TheInformation.com (I assume this is what it says; I can’t actually get past their paywall, I just know I’m on the list)

“A perfect 10/10. The novel DeLillo would have written if he was an elder millennial who’d seen every episode of Buffy and Dawson’s Creek.

—Adam Wilson, author of Sensation Machines

“An introspective literary look at contemporary entertainment, families, culture, and the never-ending search for connection.”

— Kristine Huntley, Booklist

“April 23”

— New York Times, “27 Works of Fiction Coming This Spring” (& “17 New Books Coming in April”)

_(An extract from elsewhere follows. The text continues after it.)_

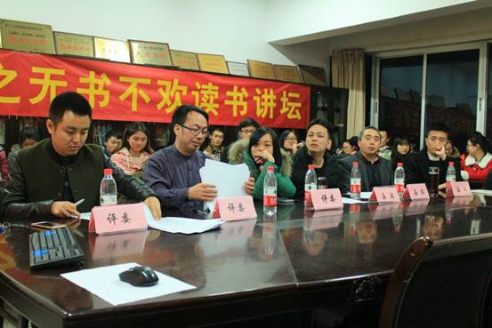 2015年12月16日下午18:30,商策讲坛之“无书不欢”读书讲坛在明德楼4020会议室举办。讲坛现场座无虚席,气氛热烈。此次讲坛邀请到学院党总支书记邓德敏、院长骆东奇担任本次活动嘉宾,评委由学院党总支副书记叶海林、学团办负责人古纯玉、分团委书记封海粟担任。20名读书讲坛参赛选手、院分团委学生会主席团代表、2014级和2015级各班读者代表,共同参与本次讲坛。讲坛主持人为学进会主任张志彬同学和综合协调部部长石慧巧同学。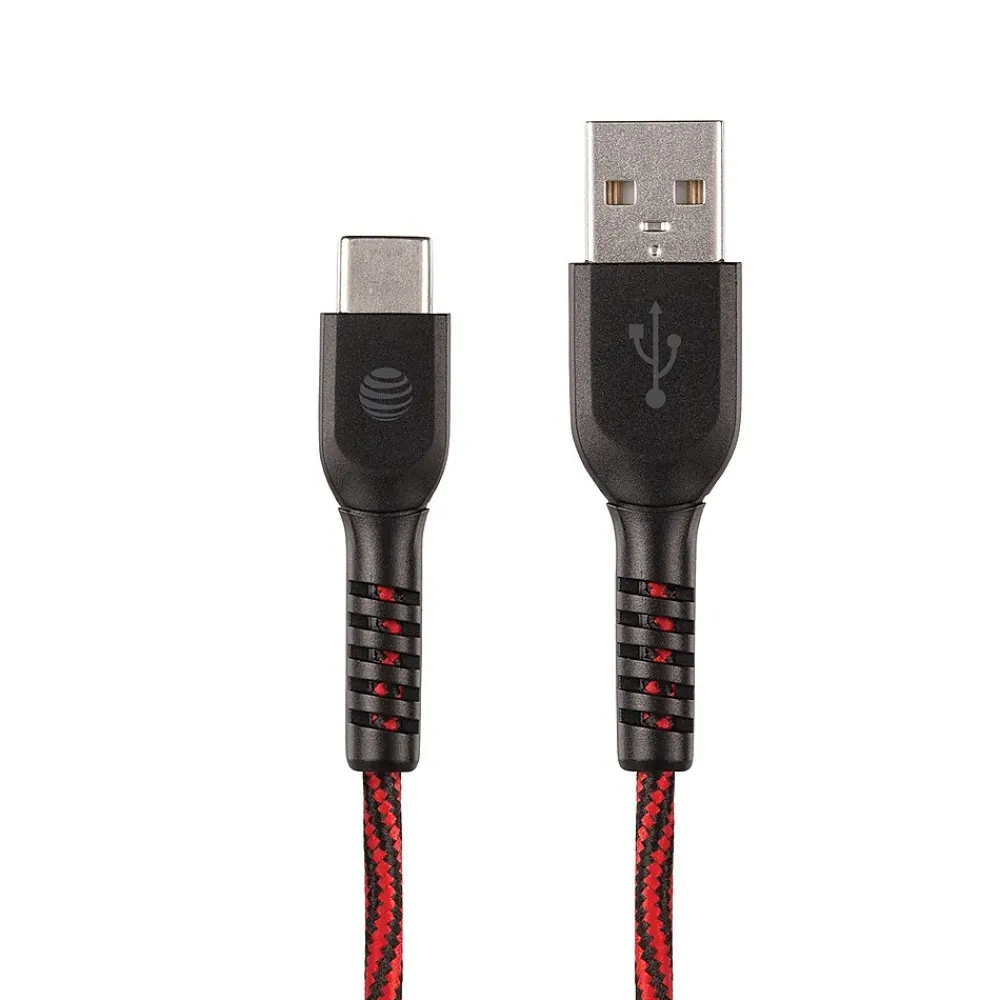 The Red AT&T 10 Ft. Charge and Sync USB to Type-C Cable is ideal for use everywhere. This is a thick, braided, and tangle-resistant cable with a durable design. It provides high speed data transfer.

“A failed actor’s search for yet another second chance becomes a hilarious portrait of how our culture’s insistence on making everything a reference to something else has destabilized reality and our ability to make meaning. It’s the best—maybe only good?—internet novel since Chronic City. What Justin Taylor’s done is dramatize how we cling to the past as the future becomes less tenable but this in turn creates a totally unstable present. But he’s done it with humor, and beautiful prose, and Jewish mysticism, and memes, and a roguelike about how the Earth is hollow.”
— Isaac Butler, author of The Method

“For all the talk of an Other America — that underground country whose president is Trump and whose capital is Florida — we have precious few novels of its condition, and none as powerful, passionate, whacked-out, and pathic as Justin Taylor’s REBOOT.”
— Joshua Cohen, author of The Netanyahus

“A laugh-out-loud, bingeable romp of child star comebacks and climate terror, news not quite fit to print, and the gig economy blues, Justin Taylor’s REBOOT brilliantly reckons with an America soliciting likes off shitposts while it drowns. It also happens to be that rare, bang-up novel as big-hearted as it is ambitious, written by a writer at the height of his wild gifts.”
— Tracy O’Neill, author of Quotients

“REBOOT is the perfect 21st century novel. Its all-you-can-eat buffet of delights includes a subterranean video-game cult, fanfic exegesis, washed-up former teen stars, and even a few tentacle creatures. Taylor has found the music and flow of Bellow’s best work, and the result is ecstatically funny and heartbreaking.”
— Daniel Hornsby, author of Sucker

“REBOOT is the new American novel. Farcical up close, tragic at a distance: a bouncy house in a hurricane. There’s madness, brilliance, and real heart in these pages, which I’d call ‘funny DeLillo’–except everything is DeLillo now, and the laughs are really tears of recognition. Maybe joy.”
— Ryan Chapman, author of The Audacity

“Justin Taylor is cursed with equal portions of modesty and genius, so when he sets out to write a page-turner that might interest consumers of streaming TV, what results is inevitably a multilayered masterpiece about a paradox: in this case, succession as cancellation. The old must die for the new to be born—that’s the usual dark cliche; but in a culture of novelty, to what extent is the old even alive? It is strongly advised to pay the new to write its lines—all of them, even its memories. For the inheritors, liberation can be speeded by murder or, failing that, a shift in genre. The events of yesterday are ripe for effacement by nostalgia, and the only usable (or is it “visible”?) news comes from the future as speculative, very-online ecriture feminine. I know I’m getting a bit bewildering here, but Justin is one of the great chroniclers of contemporary culture, and this is a valuable and important book, even though it’s not actually TV.”
— Nell Zink, author of Avalon

“A funny, excellent satire of our current desire to reboot literally everything – unfortunately with an ending that just didn’t cut it for me. Excellent writing though.”